Jacqueline Devreux : désirables désirantes

                   


Les jeunes filles en uniformes n’ont rien de gendarmettes. Dernière étape d’un parcours qui commença avec des autoportraits, ces femmes osent la séduction - sans doute pour que leur attente soit plus brève. Jacqueline Devreux ôte (partiellement) leur voile, tire les rideaux, les ficelles. Le fonctionnement reste secret dans les friselis textiles. Il y a fort à parier que l’ogre qui croiserait le chemin de telles égéries voudrait les emmener dans les bois.  Mais ce sont elles qui lui font boire une potion magique. De celle qui réveille les morts, donne courage, dégrafe les corsages dont  les vestiges gris argent brillent sous une lumière troublante, épaisse. La nuit venue les ombres y disparaissent comme à la surface d’un sirop enivrant.

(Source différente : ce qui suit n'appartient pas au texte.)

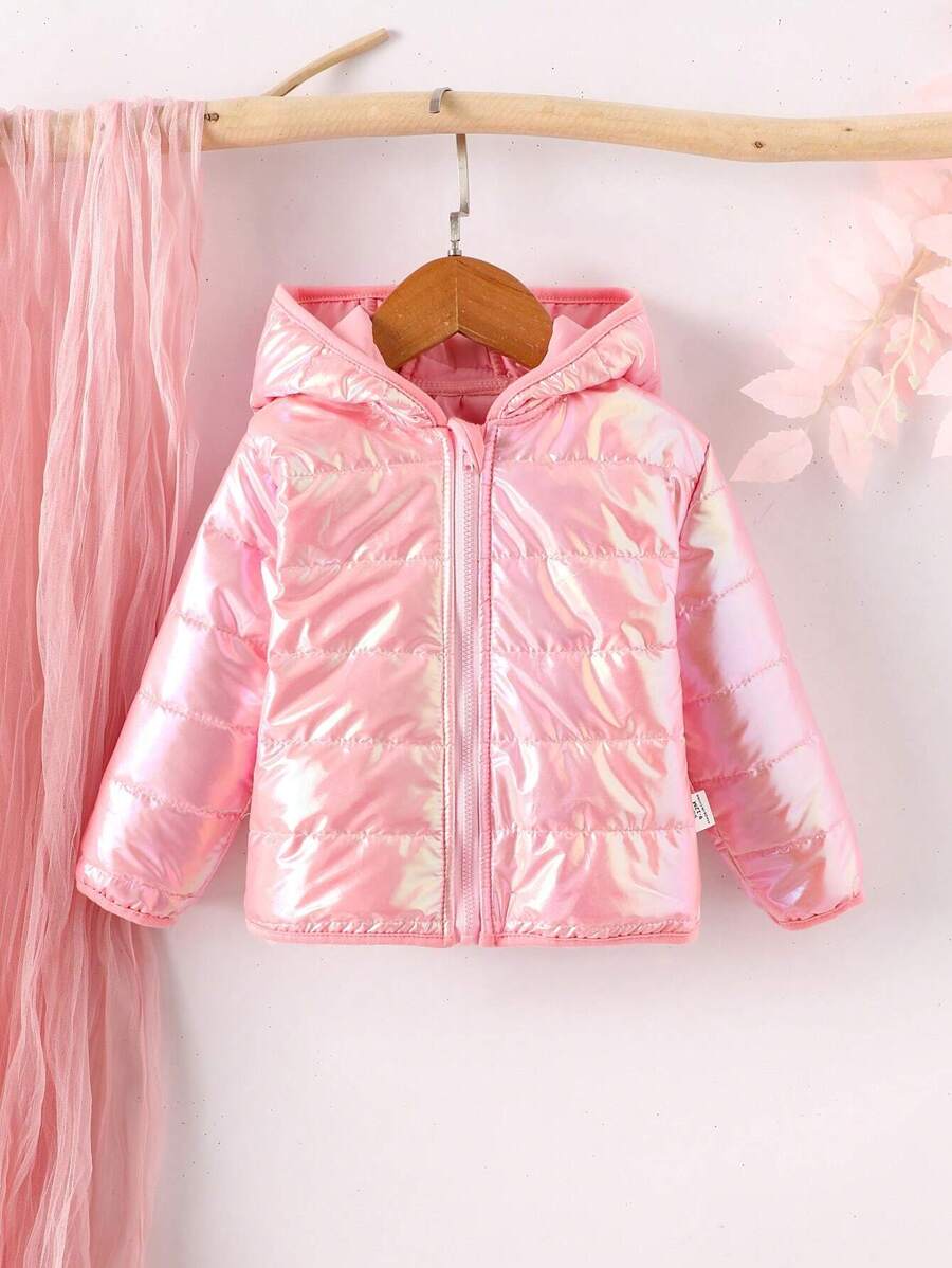 Baby Girl Holographic Zip Up Hooded Puffer Coat

Chaque femme devient une fée. Elle découvre juste ce qu’il faut son secret. Elle devient un  cirque de pétales, une lunaison et surtout une légende. Il n'est pas de nuit si profonde qui ne l’empêche de la voir. Pour les hommes l’arrivée de telles femmes est rêvée : pour elles il ne s’agit que d’un passage. Leur corps de lumière s’offre. Il fait perdre le fil et non la poudre d’escampette.  Jacqueline Devreux oblige à les regarder et à imaginer leurs lallations orgasmiques de sultane.  Elles marchent  dans la nuit comme  Tintin sur la lune, traversent la rouille des lichens, les bistres des varechs. Elles ne proposent rien sans un sens certain du rite. Certains les nomment louves parce qu’ils ne les connaissent pas. En savons-nous plus qu’eux ? Pas sûr. Mais qu’importe. Chacun les espère  cailloux dans sa chaussure, voire diablesses. Et voudrait faire tout pour ne pas se laisser séduire : tout sauf, bien sûr, le nécessaire.


Jean-Paul Gavard-Perret


Jacqueline Devreux, Galerie Pierre Hallet, Bruxelles.